# putty: connection refused

## samsungNC10user

Hallo

ich kann plötztlich nicht mehr auf meinen netbook mit ssh einloggen.

Habe mal kabel rausgezogen und danach ging es nicht mehr, internet und dhcp laufen jedoch ganz normal auf dem netbook.

Finde gerade leider kein Manual für mein Problem xD

Das erste mal geschafft Gentoo + KDE zu installieren, weiss also noch nciht so viel.

----------

## Max Steel

Möglicherweiße ist einfach dein sshd gecrasht, oder er hat das binding auf deine LAN-Schnittstelle verloren.

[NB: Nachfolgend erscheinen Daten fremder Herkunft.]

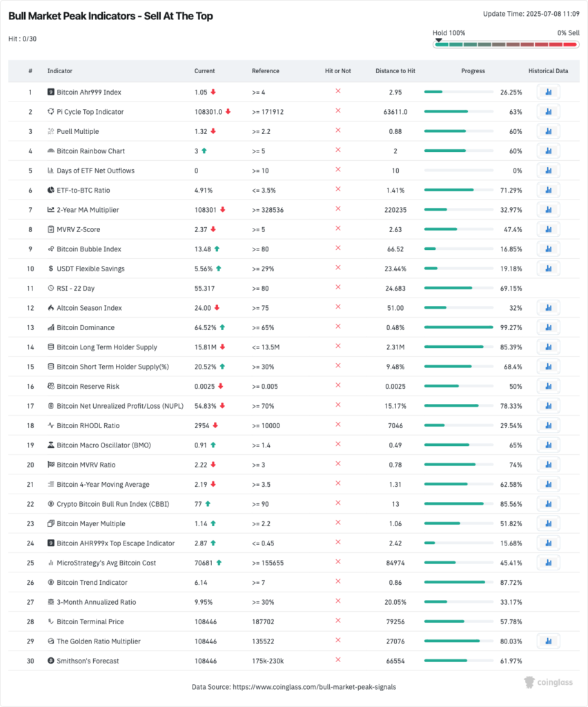 این شاخص قیمت بیت کوین را با میانگین متحرک ساده ۲۰۰ روزه مقایسه میکند و مقدار بهدستآمده میتواند بهعنوان معیاری برای سنجش قدرت بازار در مقایسه با دورههای مشابه در چرخههای قبلی مورد استفاده قرار گیرد. با اینکه این شاخص سیگنال خرید یا فروش قطعی ارائه نمیکند، اما یکی از تعداد زیادی از معیارهای آنچین محسوب میشود که هنوز نشانهای از رسیدن به سقف بازار صعودی نشان ندادهاند. همچنین، فهرست بزرگی از ۳۰ شاخص «سقف بازار صعودی» که توسط کوینگلس (CoinGlass) تهیه شده است، همچنان ۱۰۰٪ در وضعیت «هولد» باقی ماندهاند.
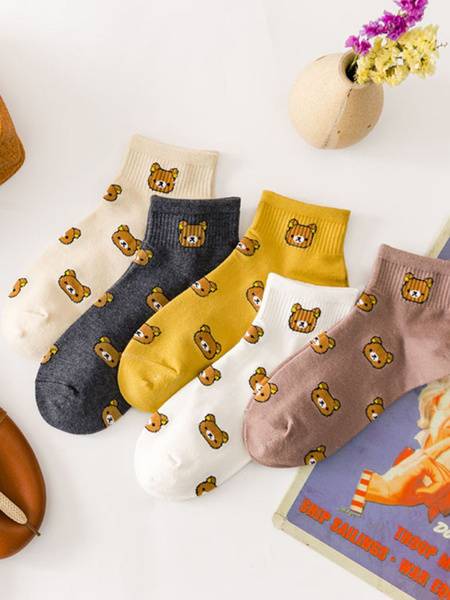 Description: Stay comfortable and stylish with this 5-pair pack of women's DETACHED short socks. Featuring an adorable bear print, these socks are perfect for active women and teens alike. Made from breathable, hypoallergenic material that won't fade after washing, they offer a snug fit that stays put without pinching. The comfortable waistband prevents any irritating tightness around the ankles. This versatile pack includes a range of colors: white, dark gray, mustard yellow, cream, and brown, ensuring you have the perfect pair for any outfit. Enjoy all-day comfort and playful style with DETACHED socks.
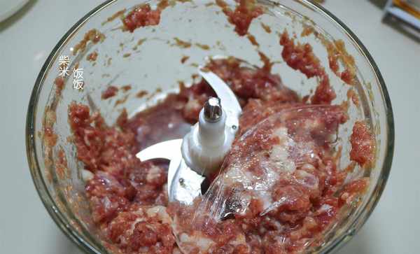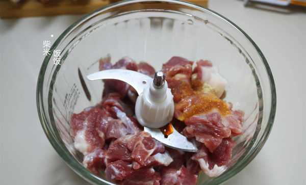 5,豬前腿肉洗凈,切成小塊放在料理機裡。加鹽、少許白糖、雞精、生抽、花椒水(一斤肉30~50克花椒水),絞成肉丁。
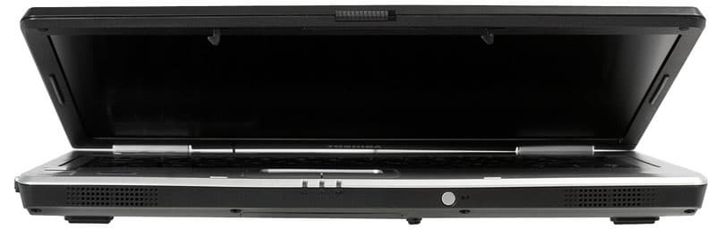 Спереди — динамики, защелка крышки, индикаторный блок и кнопка отключения беспроводной сети.
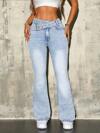 SHEIN Tall Oblique Buckle Waist Distressed Skinny Flare Jeans
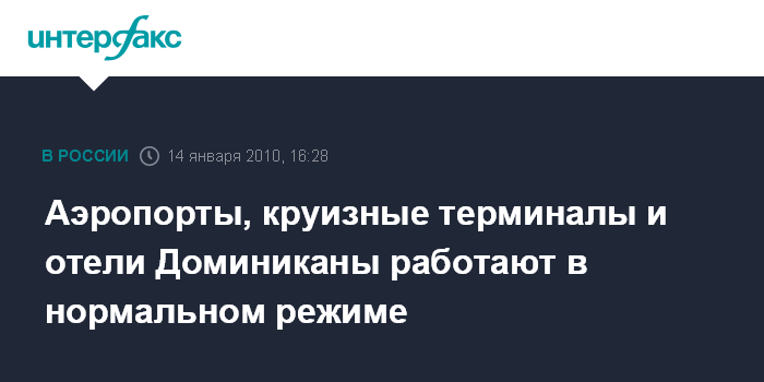 Как отмечается в заявлении, все 8 международных аэропортов Доминиканской Республики, круизные терминалы и морские порты, пляжи, отели и курортные зоны работают в обычном режиме. На данный момент не зарегистрированы отмены рейсов или групповых туров. "Доминиканская Республика не пострадала от землетрясения, и все транспортные, коммуникационные системы, туристические зоны и медицинские центры работают в нормальном режиме. Страна готова оказать необходимую помощь и поддержку пострадавшим.", - говорится в документе.

Zur Not einfach neustarten  :Wink: 

----------

## samsungNC10user

 *Quote:*   

> /etc/init.d/sshd start
> 
>  * Bringing up interface eth0
> 
>  *   dhcp ...
> ...

 

also schon mal kein firewall problem...

gibt bestimmt eine simple lösung, ich kenns halt nich xD

voll nervig auf der netbook tastatur zu tippen  :Sad: 

----------

## Max Steel

In diesem Fall mach einfach mal folgendes:

/etc/init.d/net.eth0 stop

kill -9 $(cat /var/run/dhcpcd-eth0.pid)

rm /var/run/dhcpcd-eth0.pid

rc

Für Netbooks empfehle ich gerne die Einrichtung von ifplugd (im Normalfall reicht installieren), da man ja nicht ungebunden sein möchte, wenn man schon ein Netbook besitzt.

Für den Gebrauch unterwegs würde allerdings auch der NetworkManager gute Dienste tun.

----------

## samsungNC10user

 *Max Steel wrote:*   

> In diesem Fall mach einfach mal folgendes:
> 
> /etc/init.d/net.eth0 stop
> 
> kill -9 $(cat /var/run/dhcpcd-eth0.pid)
> ...

 

super es geht jetzt wieder alles :>

danke!

----------

## samsungNC10user

mit wicd gibt es dieses problem garnicht

----------